# New construction rough plumbing layout



## kafanslr (Mar 23, 2005)

I am begining the foundation on my new house and I am having trouble with the layout of the in slab, (Basement) rough plumbing. Mostly due to my inexperiance in the layout process. Any help would be great.

Kyle


----------



## 747 (Jan 21, 2005)

I think the reason no one is responding is because how can they help you out with out seeing the basement first. Just a thought. In the event I was building a new house I would go with pex water lines in stead of copper. More up front cost but less time to install. Installation is cut in half. This is what Rich on This old house always goes with when installing water lines in a new this old house project. The pex is as easy to run as electrical wire I think its awesome. This is what there using on there current project alone with radiant floor heating which is also pex. :Thumbs: :Thumbs:


----------



## Bjd (Dec 19, 2003)

Plan ahead, look at your plans and vision where everything is going to go, then add from there for future events.
Height is a main factor whenever you are doing rough plumbing in slab work, laser and string level is a must.
Measurements have to be on the mark, dead on or you will have problems on the finish.
As to the materails for under ground depends on your local code, check first you do not want to have to do things twice.

bjd


----------



## kafanslr (Mar 23, 2005)

In the plumbing in the basement slab, do I need to maintain the 1/4" per foot fall in the sewage pipes, or just have some slope. My reason for asking is so I can determine at what depth I should put a cross over pipe in my frost footing on the walkout of my basement.

Thanks


----------



## wasdifferent (Dec 18, 2004)

kafanslr said:


> In the plumbing in the basement slab, do I need to maintain the 1/4" per foot fall in the sewage pipes, or just have some slope?

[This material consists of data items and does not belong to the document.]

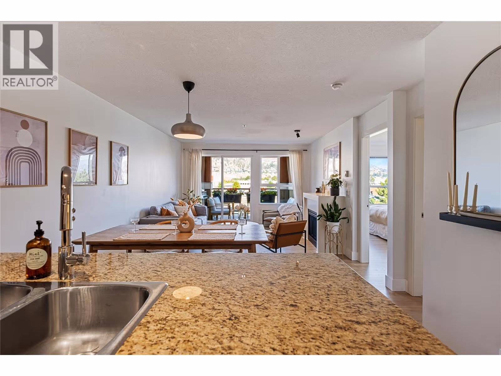 The location couldn’t be better—walk to the lakefront boardwalk, beaches, shops, restaurants, pubs, coffee spots, and the arts & cultural district — this is Okanagan living at its best! This well-cared-for 1 bedroom plus den condo offers a bright open-concept layout that flows seamlessly between the kitchen, dining, and living space (w/ beautiful updated flooring, baseboards and paint throughout). The kitchen is equipped with full appliances, while in-suite laundry adds everyday convenience. Perched on the 3rd floor of Waterscapes with views of Knox Mountain, the unit also includes secure underground parking and a storage locker. Waterscapes residents enjoy access to the impressive Cascade Club, just steps away — spend your days swimming in the outdoor pool, soaking in the hot tub, stay active in the fitness facility, or hosting in the shared kitchen and lounge spaces. Guest suites available. Pet Friendly with no height restrictions for dogs, Rentals allowed (min. 30 days), No age restrictions. *All measurements are approximate and should be verified if important. (id:58842)
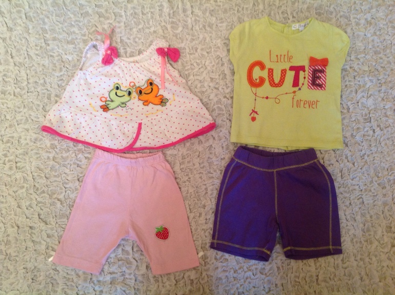 12)маечки и шортики с клубничкой Турция+футболка и шорты c&a,68 см, 250 руб
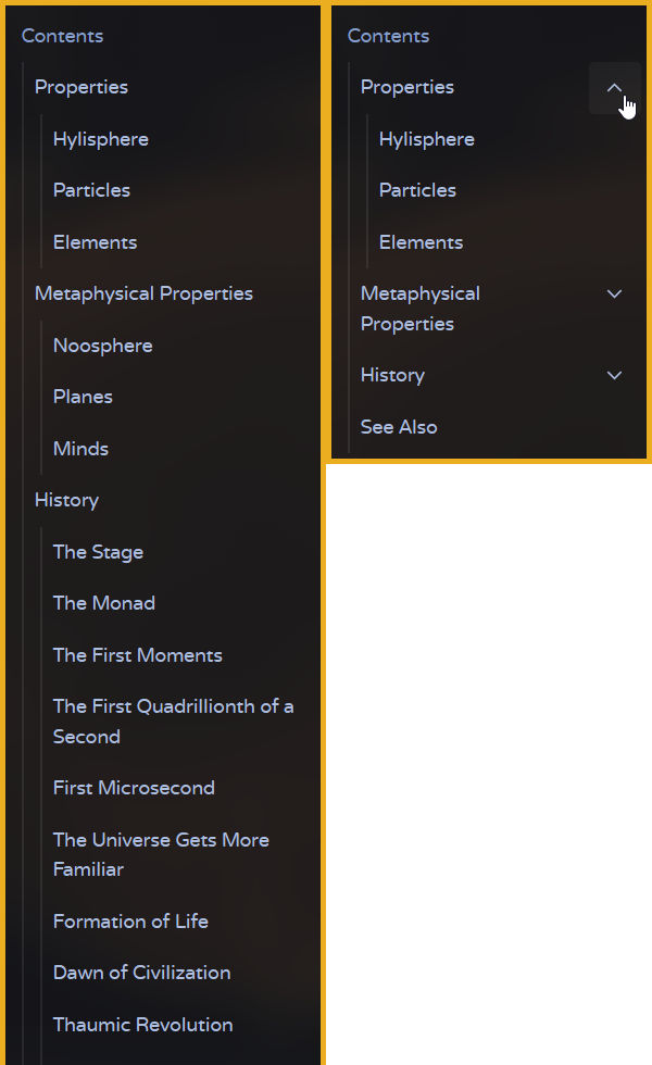 This disables the ability to collapse sections in the table of contents.
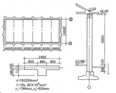 不定项选择题 某单跨仓库,如图所示。跨度15m,开间6m,共6个开间,属刚弹性方案。窗高3.6m,窗间墙宽2.4m,壁柱
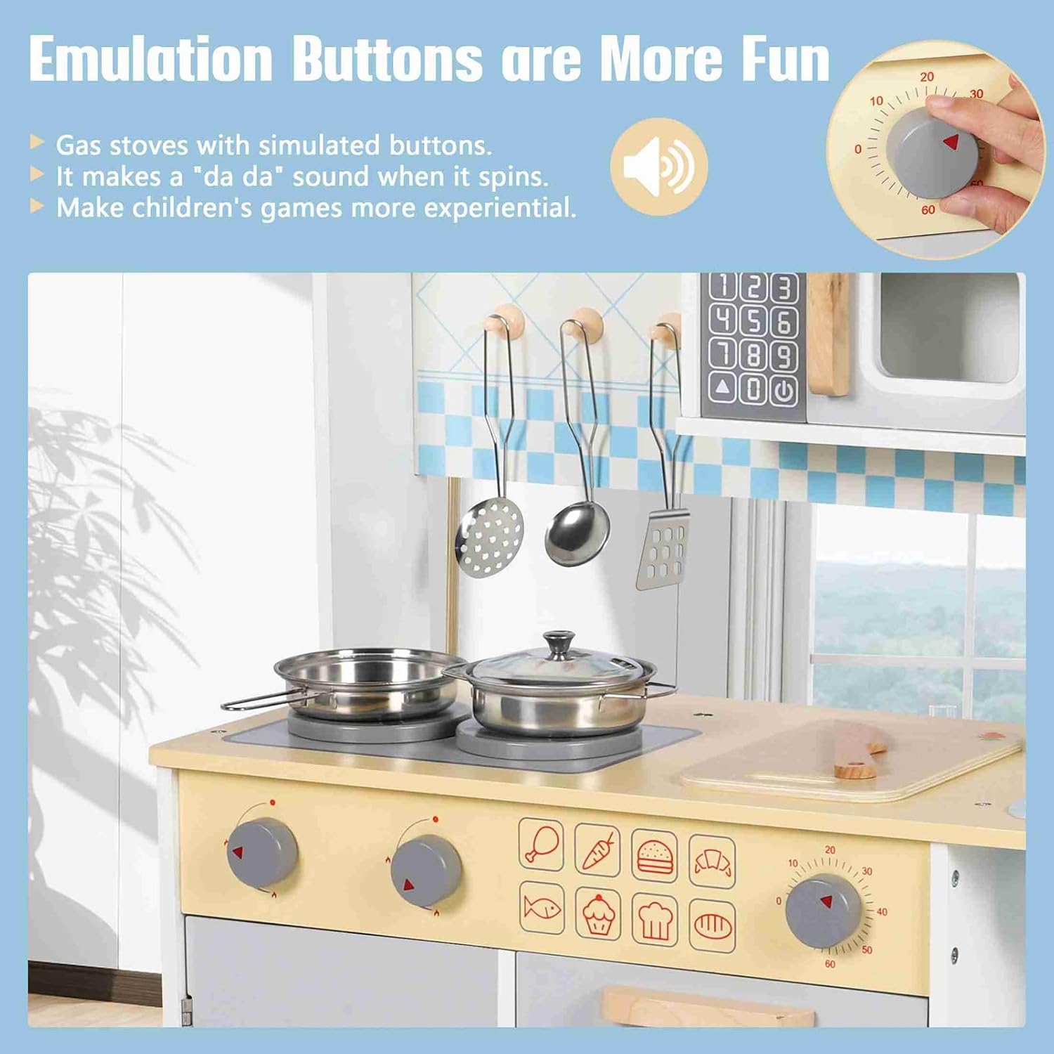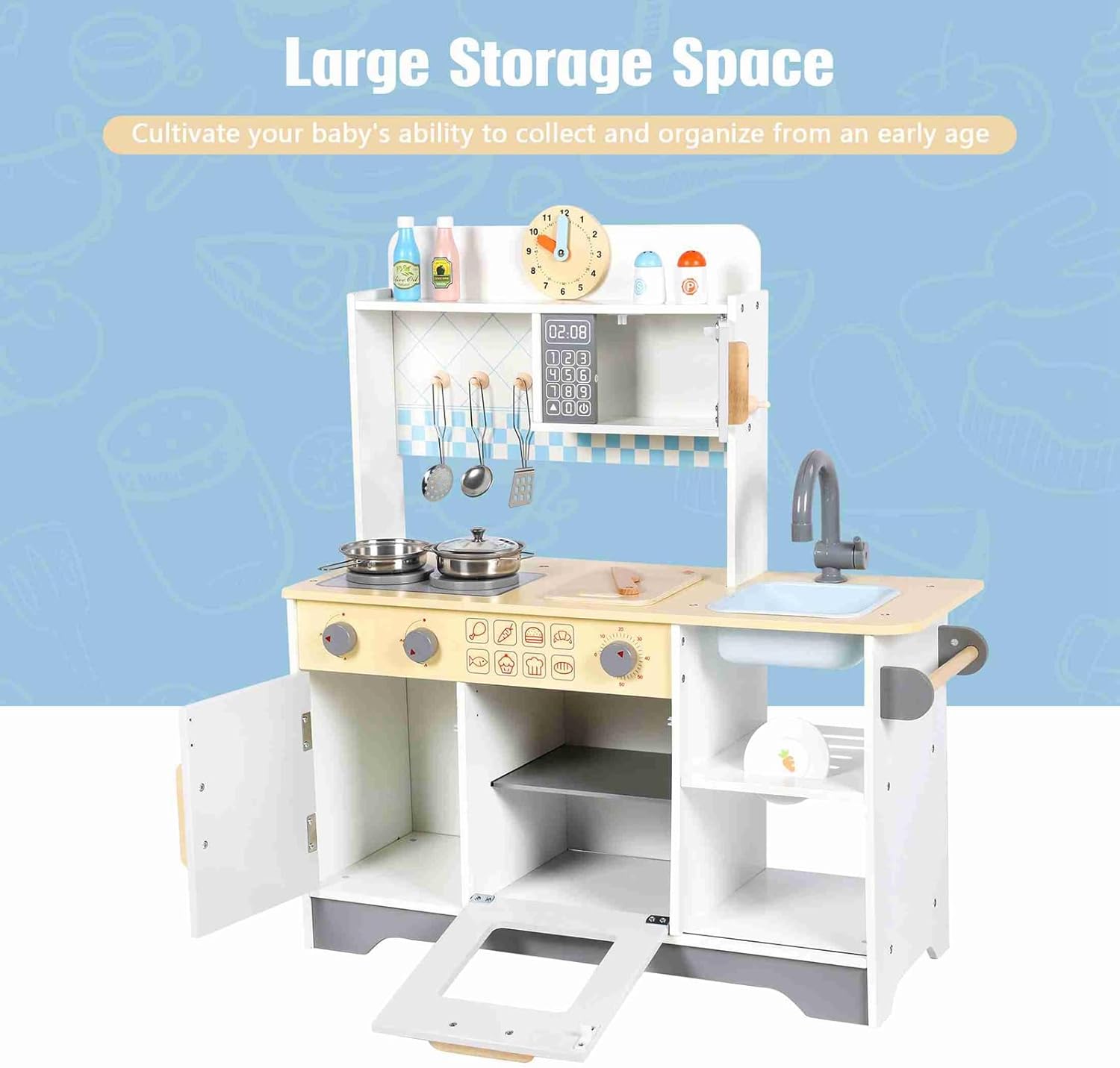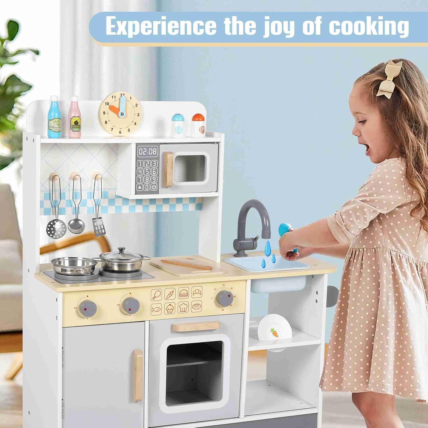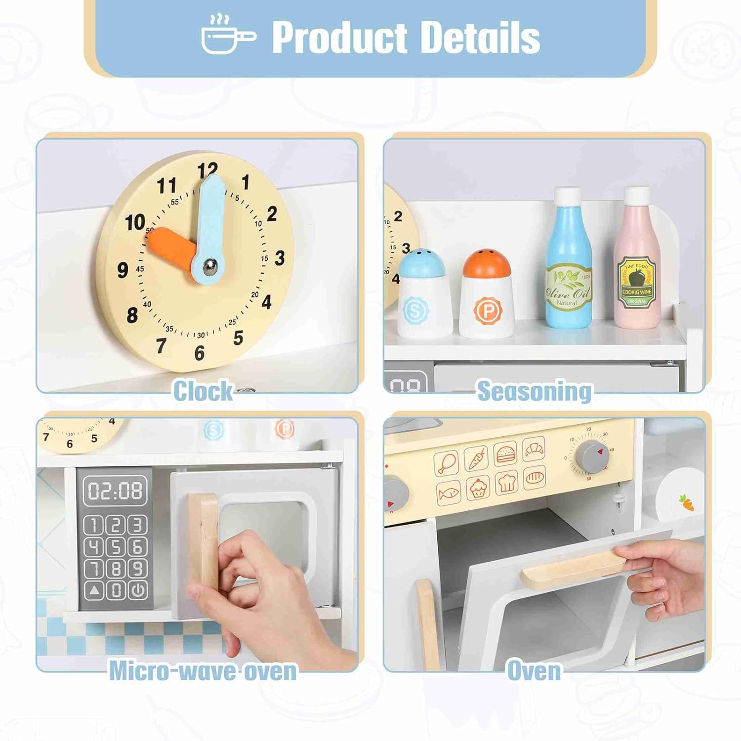 RICCHI ACCESSORI PER UN DIVERTIMENTO EXTRA: Dotato di una varietà di ricchi accessori, il set da cucina ti offre più modi di giocare, migliorando la loro esperienza complessiva e il loro divertimento. IMMAGINAZIONE E CREATIVITÀ SCINTILLANTI: questo set da cucina da gioco migliora l'immaginazione, consentendo loro di creare le tue avventure culinarie e scenari di gioco di ruolo. MIGLIORA IL LEGAME FAMILIARE: il set da cucina da gioco in legno è l'ideale per godersi del tempo di qualità in famiglia, incoraggiando il gioco cooperativo e le esperienze condivise tra tutte le età. PROMUOVERE LE ABILITÀ SOCIALI: Giocare insieme con amici o fratelli coltiva abilità sociali essenziali, come la comunicazione, il lavoro di squadra e la condivisione, mentre i bambini si impegnano nel gioco collaborativo. AUMENTA L'ABILITÀ COGNITIVA: interagire con la cucina giocattolo aiuta a sviluppare capacità di risoluzione dei problemi e pensiero critico mentre i bambini esplorano vari compiti e scenari di cucina.

What you need to do is hire a plumber, before you f*** this job up. A plumber can do this job in no time, and do it right. I can tell from your questions that you don't know WTF you're doing. If you don't know what pitch to put on the pipes, it tells me that you don't know the code. How do you intend to deal with the main house trap, and the fresh air vent? You're not competent to do this job. Hire someone who is. I'm sorry to be so blunt, but BELIEVE ME I have your best interests at heart.

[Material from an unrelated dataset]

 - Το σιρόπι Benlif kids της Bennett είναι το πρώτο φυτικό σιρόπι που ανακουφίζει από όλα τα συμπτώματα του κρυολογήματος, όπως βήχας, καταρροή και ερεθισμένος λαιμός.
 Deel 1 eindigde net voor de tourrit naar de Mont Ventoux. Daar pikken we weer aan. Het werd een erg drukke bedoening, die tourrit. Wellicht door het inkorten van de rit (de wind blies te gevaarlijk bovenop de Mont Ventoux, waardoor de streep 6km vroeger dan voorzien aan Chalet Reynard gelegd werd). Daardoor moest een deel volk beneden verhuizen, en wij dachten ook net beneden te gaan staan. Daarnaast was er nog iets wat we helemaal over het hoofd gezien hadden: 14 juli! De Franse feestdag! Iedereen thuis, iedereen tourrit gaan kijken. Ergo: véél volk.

You're trying to do a professional job. Do what a professional would do; call a plumber. That's the way it's done.

I really hope that you follow this advice, and I wish you the best of luck with your new home.

Best regards,
Mike


----------



## Bjd (Dec 19, 2003)

Yea that was kinda blunt, and I would have to agree with Mike.

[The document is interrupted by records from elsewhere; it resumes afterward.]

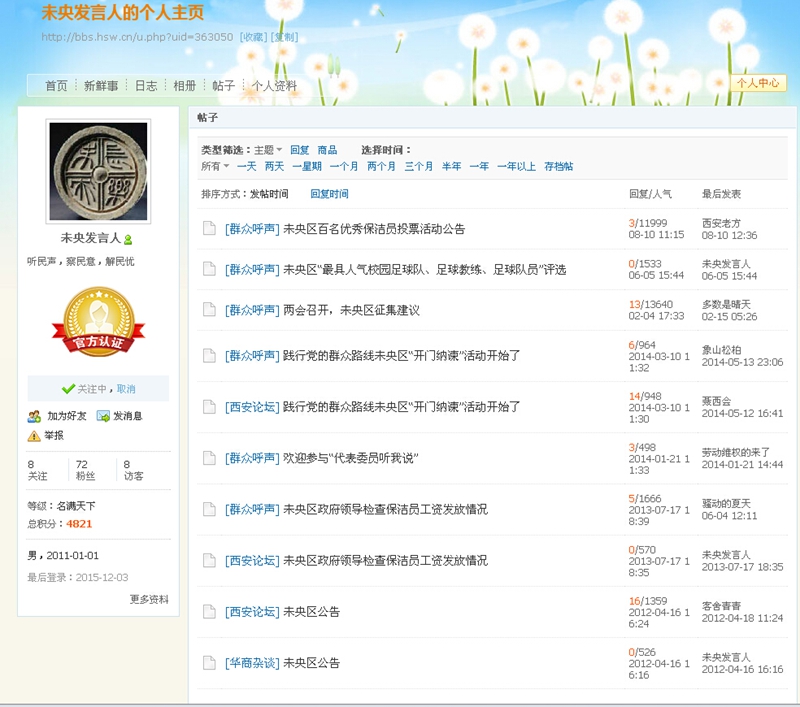 2009年,时任西安市市长的陈宝根提出“问计于民”的口号,未央区政府为响应市政府号召,开展了一些列的问计活动,其中一项就是在华商论坛注册“未央发言人”的官方账户。
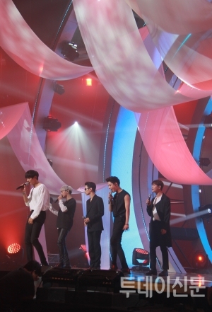 오전 8시 10분이 되자 관객이 하나둘씩 들어찼다. 불빛과 영상이 황홀하리 만치 아름답게 조화를 이뤘다. 팬들은 EXO의 몸짓 하나하나에 소리 지르며 열광했다. ‘둥둥둥’ 울리는 스피커 소리가 가슴에 내리꽂혔다. 오전 9시 30분, EXO의 녹화가 끝나고 무대가 철거됐다. 다음으로 그룹 샤이니의 무대가 이어졌고 바닥에 꽃가루가 떨어지자 관계자들은 일사불란하게 움직였다.
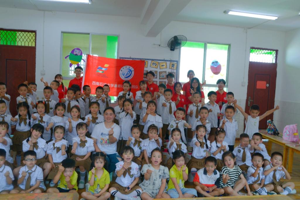 接著,團(tuán)隊(duì)前往當(dāng)?shù)匾凰變簣@進(jìn)行義務(wù)勞動(dòng)并開展支教活動(dòng)。步入學(xué)校時(shí),恰逢學(xué)校開展畢業(yè)典禮,隊(duì)員們便化身愛心志愿者,積極為老師們分憂解難。懸掛的多彩氣球、層層鋪好的地毯、整齊排列的桌椅、以及老師和隊(duì)員們臉上的汗水,無不體現(xiàn)出學(xué)校對(duì)于典禮的獨(dú)特策劃和認(rèn)真對(duì)待。剛結(jié)束手頭的勞動(dòng),隊(duì)員們又擔(dān)當(dāng)起老師的職位,為小朋友們帶來了精心準(zhǔn)備的繪畫課和音樂課。面對(duì)團(tuán)隊(duì)的到來,小朋友們都十分積極,在繪畫課上爭(zhēng)相展示自己的作品,在音樂課上爭(zhēng)當(dāng)校園小歌手。短暫的幼兒園老師體驗(yàn),卻讓隊(duì)員們和小朋友在分別時(shí)都戀戀不舍。走進(jìn)鄉(xiāng)村,關(guān)注當(dāng)?shù)貎和逃龁栴},體驗(yàn)獨(dú)特的教學(xué)經(jīng)歷。

I do not do my own taxes, you know why? because I know i would screw them up.

Dont be fooled into the idea that this is a simple operation, you must be dead on or its a mess.

BJD


----------



## wasdifferent (Dec 18, 2004)

Bjd said:


> ...Yea that was kinda blunt...


Bjd,
It was really blunt, but I meant kafanslr no harm. I'd hate to see this guy have to jackhammer 4 yds of concrete out because we didn't give him a much needed wake-up call. He is in over his head, and the remedy is not very expensive. I wish that someone had wacked me in the head a couple of times when I had put myself in a similar situation. I hope to see a good ending here, and I hope he gets back to us.

Best regards,


----------